Tercer paso: entender cuándo (y cómo) justificarla

A pesar de lo que pueda deducirse de los párrafos anteriores, sigo pensando que existen argumentos económicos sólidos para justificar la política industrial (incluso aunque la dejemos sin ese apellido). Puede ser necesaria, por ejemplo, para afrontar la presencia de ‘externalidades de aprendizaje’ en algunos sectores, las cuales se relacionan con las posibles mejoras de la eficiencia productiva (como ocurre en el caso de la I+D) o con las condiciones de coste y demanda en la producción de nuevos bienes o servicios (por ejemplo, en países o regiones menos desarrolladas). También puede ser importante si existen ‘externalidades de seguridad nacional’, cuando se persigue reducir la dependencia del exterior (pensemos en la energía tras las invasión de Ucrania por parte de Rusia), la promoción de empresas o sectores que actúen como ‘campeones nacionales’ (a veces, por motivos no estrictamente económicos) o la defensa del empleo local frente a la deslocalización de la actividad productiva hacia países de menores costes salariales (véase Bartelme et al., 2019).

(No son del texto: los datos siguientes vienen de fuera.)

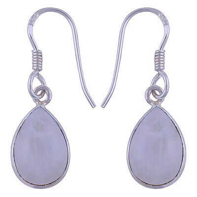 Home | Silver Earrings | Cabochon Earrings | Classic Handmade Bezel Rainbow Moonstone Pear Shape 925 Sterling Solid Silver Dangle Earrings

Otro tipo de fallo de mercado que justificaría la política industrial sería la existencia de situaciones en las que la rentabilidad obtenida por un agente privado depende (debido a economías de escala o aglomeración) de actividades complementarias emprendidas por otro, pero existen dificultades de coordinación entre ambos. Si el valor social de la producción conjunta supera sus costes de oportunidad, la economía podría tener que conformarse con un equilibrio subóptimo, mientras que con una adecuada intervención pública sería posible alcanzar una mejora paretiana (véase Cherif y Hasanov, 2019).

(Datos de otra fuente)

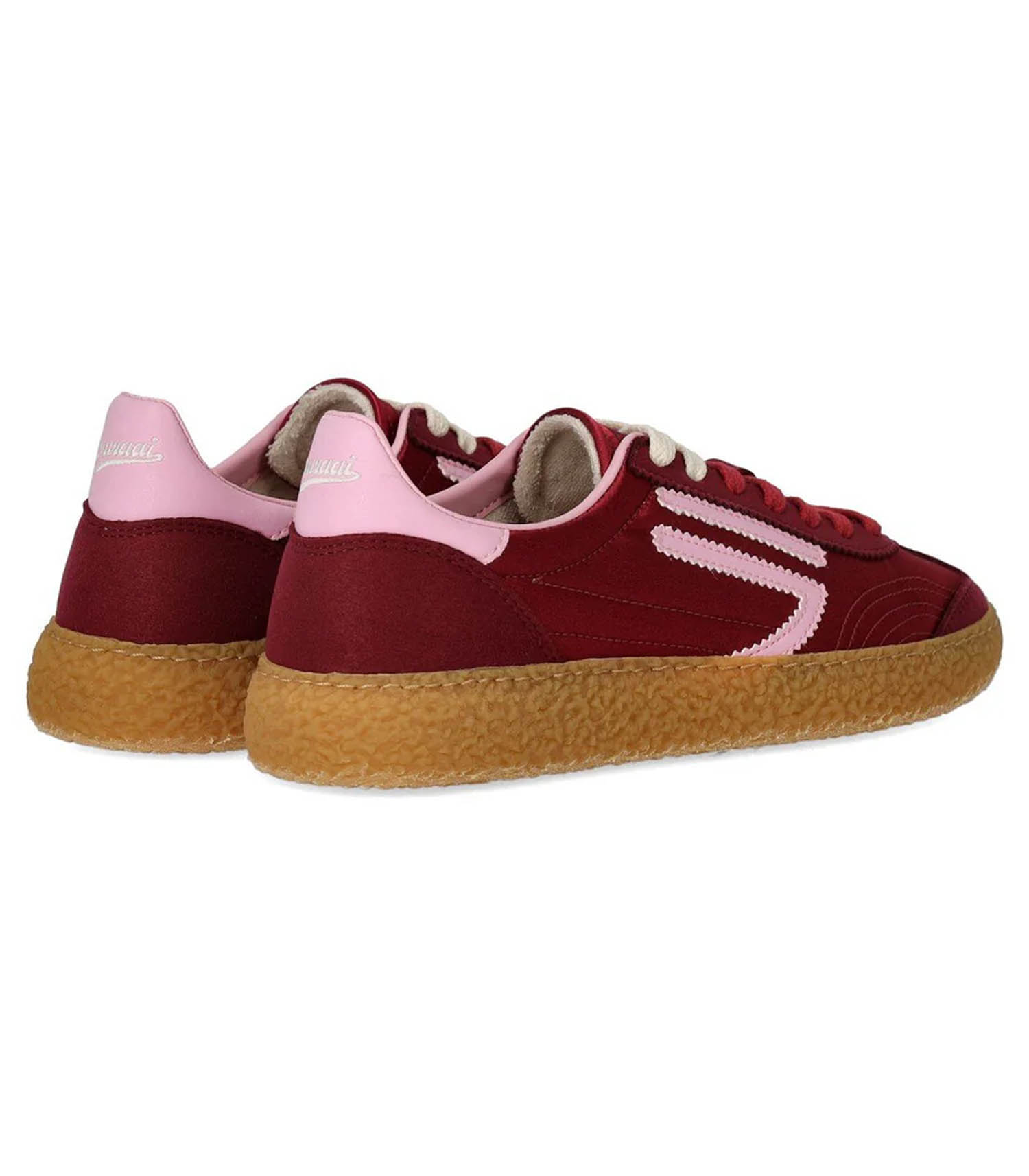 Sneakers 6.01 XS Cherry Juice signées Puraai, confectionnée en tissu à effet satiné, avec des empiècements en cuir vegan dans des tons magenta et rose. Elle présente des lacets en coton assortis ou contrastants, une languette avec logo et un intérieur en tissu éponge de coton. Talon rose avec logo blanc brodé. Elle se caractérise par une tige avec logo dans des tons roses.

Si generalizamos esta idea, toda la actividad económica privada depende en última instancia de la provisión de ciertos bienes públicos, como el ordenamiento jurídico, la seguridad, el marco regulatorio, la educación, la sanidad o el resto de servicios públicos. Los economistas solemos considerar estas políticas como transversales, ya que no dan prioridad a ningún sector en particular y sus beneficios pretenden ser generales. Sin embargo, en la medida en que cualquiera de estas intervenciones se concreta (presupuestariamente) en acciones específicas (contratar más policías o jueces, financiar la investigación o programas de vacunación, construir carreteras o trenes de alta velocidad) el coste de oportunidad de los recursos públicos obliga a explicitar prioridades que, idealmente, deberían justificarse ante la opinión pública, algo que casi nunca sucede en la realidad.

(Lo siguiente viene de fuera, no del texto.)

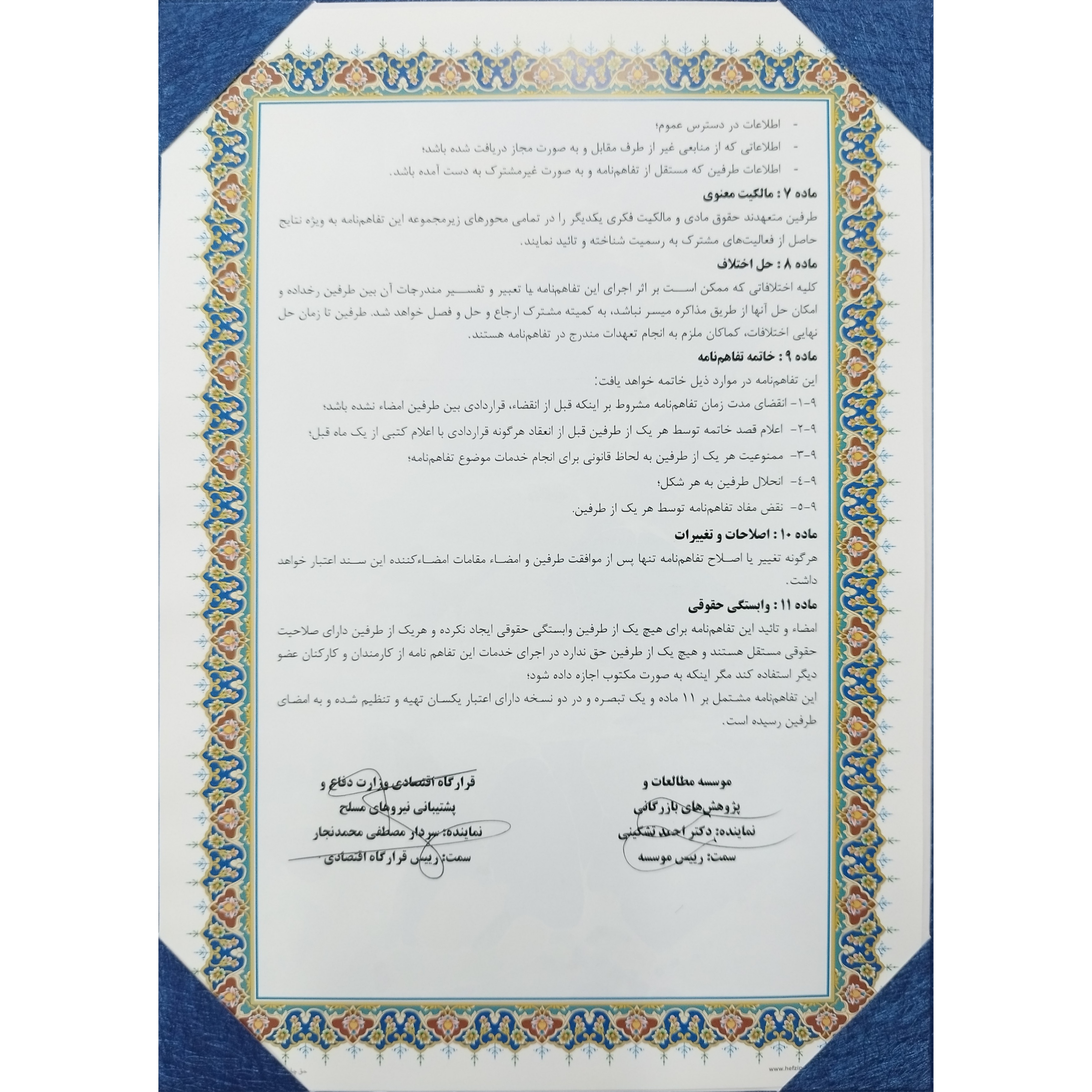 گفتنی است، در راستای تحقق منویات مقام معظم رهبری (مدظلهالعالی) در سال رشد تولید و به منظور ایجاد و گسترش همكاریهای حوزههای تحقیقات کاربردی و فناورانه در راستای شناسایی، بههمرسانی و حل مسائل مرتبط با هدف توسعه همكاریها و تعاملات در جهت شناسایی، تدوین و بهروزرسانی دکترین و راهبردهای حوزه اقتصادی در بخشهای نفت و گاز، صنعت، معدن و تجارت با رویكرد بهکارگیری و ایجاد ظرفیتها در سطح ملی و فراملی، تفاهمنامه ای بین دکتر احمد تشکینی رییس «موسسه مطالعات و پژوهشهای بازرگانی» و سردار مصطفی محمدنجار رییس«قرارگاه اقتصادی وزارت دفاع و پشتیبانی نیروهای مسلح» منعقد شد.

Retos para la política industrial del siglo XXI

Gran parte de este post se ha inspirado en mi relectura de algunos trabajos recientes de Dani Rodrik (disponibles aquí, aquí, aquí, o aquí), uno de los grandes expertos en este campo y un economista bien conocido en Nada es Gratis. En ellos se argumenta que, en los últimos años, la política industrial se ha visto transformada por las exigencias de la nueva economía y – aunque el sector manufacturero sigue estando en el centro de muchas iniciativas – la digitalización, la transición ecológica y los imperativos geopolíticos han multiplicado los objetivos de la misma, desbordando sus límites originales.

Basado en Rodrik (2023).

27Algunas de las características más relevantes de esta ‘nueva política industrial’ ya se han presentado en párrafos anteriores de este post, mientras que otras se resumen en el cuadro adjunto. En general, el reto principal para la política industrial del siglo XXI es adoptar una visión menos encorsetada e ingenua de la actuación del sector público, a cambio de exigirle a este un mayor nivel de responsabilidad. Esto requiere sobreponerse a dos clases de limitaciones: las derivadas de las crecientes asimetrías de información entre el sector público y el privado y las asociadas al inevitable componente político que toda intervención pública conlleva. Para ello, la mejor herramienta de la que disponemos los economistas es la evaluación empírica de sus resultados lo que conlleva no sólo una cuantificación de estos sino también la identificación clara y transparente de los ganadores y perdedores. Me temo que (afortunadamente) tenemos todavía mucho trabajo por delante.